Canadian Exceptionism
Canada is one of the few countries without a major banking crisis. Weirdly, this was also true in 1930. I've seen this list of the success factors for Canadian banks in several places. I want to believe it, but . . .
..it doesn't seem to be as simple as "Canadian banks are more tightly-regulated".
I don't find "they were more tightly regulated" a plausible explanation. When you dig down, most of those explanations seem short on the actual regulations that accomplished this marvelous feat, or even an extraordinary risk management system, and long on glowering regulators putting the fear of God into snivelling bankers through sheer force of moral righteousness.

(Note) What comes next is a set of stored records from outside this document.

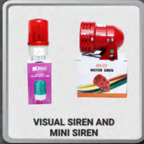
VISUAL SIREN AND MINI SIREN
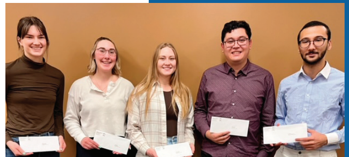
Past scholarship recipients March 2023

For several years, CMIEF has been awarding renewable scholarships of $1,000 per academic term. Recognizing the continually increasing costs associated with education, it is overdue to adjust our scholarship to better reflect the current reality of educational expenses. Our GOAL of raising $750,000 will empower the Foundation to increase both the scholarship amount and the number of recipients.
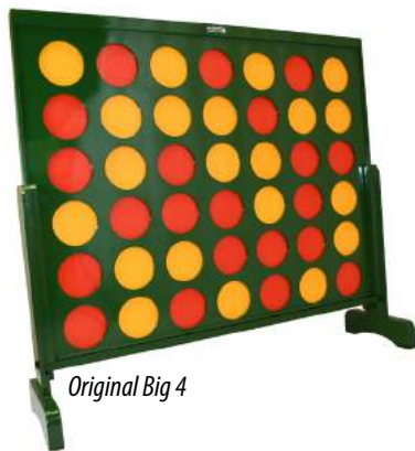
Original Big 4
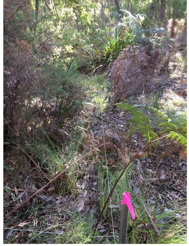
SE corner looking Right (north)
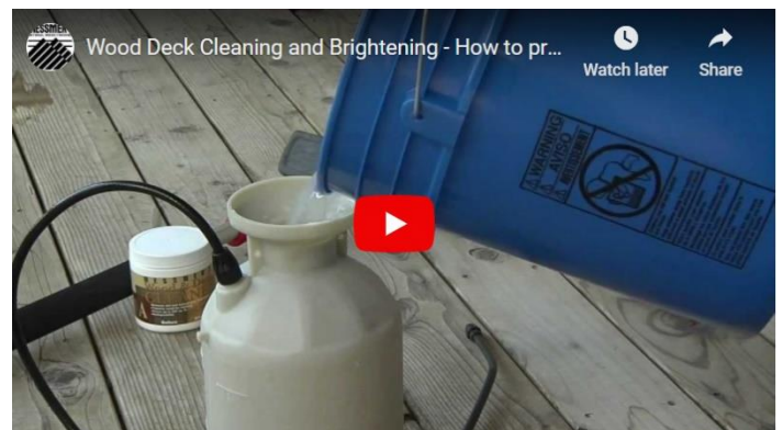
Messmer's Cleaner and Brightener Video
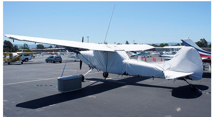
Wing Covers on Cessna Bird Dog
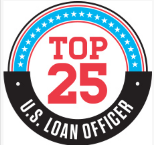
Top 25 US Loan Officer

This press release can be viewed online at: https://www.einpresswire.com/article/772338827
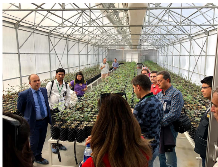
Discussion on oak production at the Denizli Forest Nursery, Denizli, Turkey 2018

Meeting website: http://www.iufroturkey2018.org/ IUFRO WP webpage: https://www.iufro.org/science/divisions/division-7/70000/70300/70304/activities/
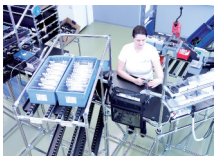
Project mgmt. | Lean | 5S
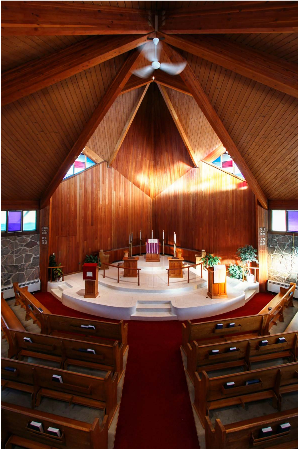
Carmel New Church (Caryndale, Canada)
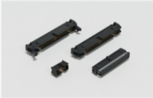
Ribbon Cable Connectors(523)
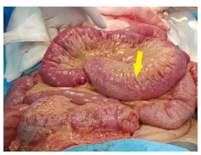
Figure 2. Air bubbles in the wall of the small intestine.

At the time of admission to the hospital, the patient's arterial blood pressure was 132/86 mmHg, oxygen saturation on room air was 90%, pulse rate was 98 beats/min, and body temperature was 37.6°C. In the abdominal examination of the patient, there was widespread tenderness and defense in all abdominal quadrants, but there was no rebound. Other system examinations were normal. There was normal stool contamination on rectal touch. Laboratory examination revealed leukocytosis (white blood cell count=13200 \mu l/ml), elevated C-reactive protein (51 mg/L), aspartate aminotransferase elevation (78 IU/L), and alanine aminotransferase elevation (63 IU/L). Other parameters were unremarkable.
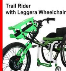
Trail Rider with Leggera Wheelchair
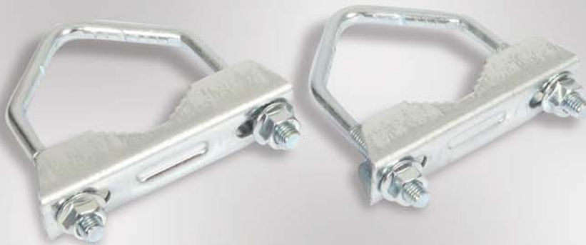
K103 "V" Clips

But more importantly, the banking crisis seems to be hitting almost every other country very hard even though they have very different bank regulators.
The standard liberal response is that all of those regulators were in the grip of Anglo-saxon free market mania. Maybe. This Anglo-Saxon mania seems awfully broadly distributed, into countries that don't show much sign of it in other sectors of their economy. More importantly, even if all of these countries had banking systems that were equally unregulated by some metaphysical metric divinable only by contributors to Crooked Timber, they were differently unregulated. Yet countries with very different (assuming arguendo, all bad) regulatory systems were all hard hit.
But I don't find this list all that plausible either. 1-4 also describes Britain, indeed, much of Europe. And the last item describes America--it's just people found cute ways to get around the insurance requirement with piggyback loans.
I hate to say it, but the best explanation I've heard comes from Canadian bankers, and people who have worked in/with Canadian banking. It's that the Canadian bankers are, well, Canadian. They're very conservative. And they don't trust easy money.